Detection of homology - why is it useful?

Proteins are homologous if they share a common ancestor. Phrases such as "the proteins show 40% homology" are meaningless; "sequence identity" or "similarity" should be used. The latter is calculated from some sort of similarity matrix such as the Dayhoff Mutation Matrix: (Dayhoff et al., (1978) in 'Atlas of Protein Sequence and Structure' (ed.: Dayhoff) National Biomedical Research Foundation, Washington DC., Volume 5 Suppl. 3, pp. 345-352).

Homologous proteins show the same three dimensional protein fold. In general, proteins with the same fold are homologues (i.e. Structurally convergent evolution is rare) with the exception of certain very commonly occurring "super-folds". Where two proteins share the same fold and the same (or a related) function, they are almost certainly homologues even if they show no significant sequence similarity. Evolution is very unlikely to have solved the same problem twice in essentially the same way!

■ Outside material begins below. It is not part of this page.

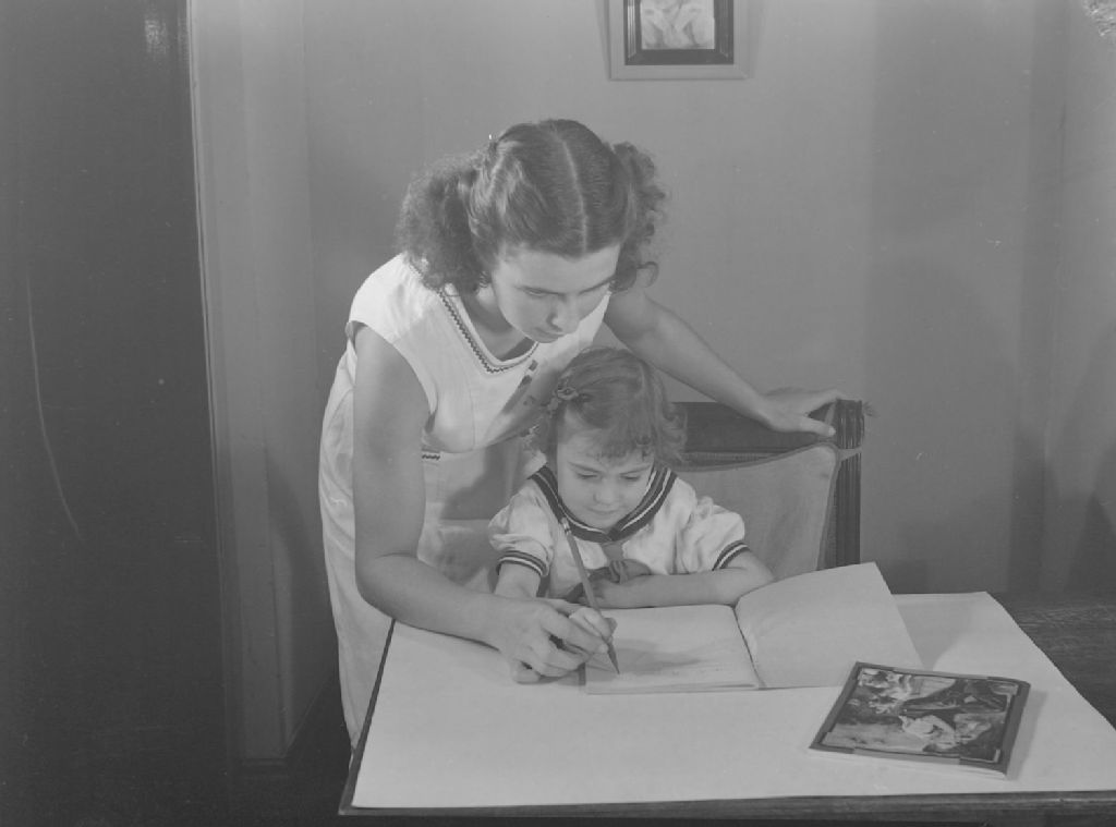 Children's Activities. Back to School. Homework. Eileen & Shirley, 18 septembre 1938, Archives nationales à Montréal, Fonds Conrad Poirier, (06M,P48,S1,P2129), Poirier, Conrad.

Therefore, if we wish to build a model of a protein of unknown structure and we know the structure of a homologous protein, we can use this as a template.

Similarly, if we wish to know the function of a protein and we know the function of a homologue, we can extract some level of functional annotation.

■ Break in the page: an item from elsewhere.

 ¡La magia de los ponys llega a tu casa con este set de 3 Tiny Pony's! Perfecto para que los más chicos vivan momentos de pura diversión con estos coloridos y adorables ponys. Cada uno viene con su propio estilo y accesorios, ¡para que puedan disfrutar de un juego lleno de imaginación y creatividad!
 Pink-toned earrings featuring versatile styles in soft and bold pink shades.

Various sophisticated methods are available to try to identify very distant homologues - known as "the twilight zone". Many of these rely explicitly or implicitly on searching for sparse patterns of conserved residues in a sea of noise (freely mutating residues).

    Percent Identity   Alignment Method
    100   Automatic pairwise
    90    
    80    
    70    
    60    
    50    
    40   Consensus
Twilight Zone 30    
20   Profile
10    
0   Structure prediction

Alignment of two random sequences can produce 20% sequence identity (one might expect 5% given that there are 20 amino acids, but the non-uniformity of amino acid usage means that ~20% identity is observed on average between randomly chosen pairs of sequences).

Where we can find a homologue of known structure/function we can use "comparative modelling" and inheritance of annotation.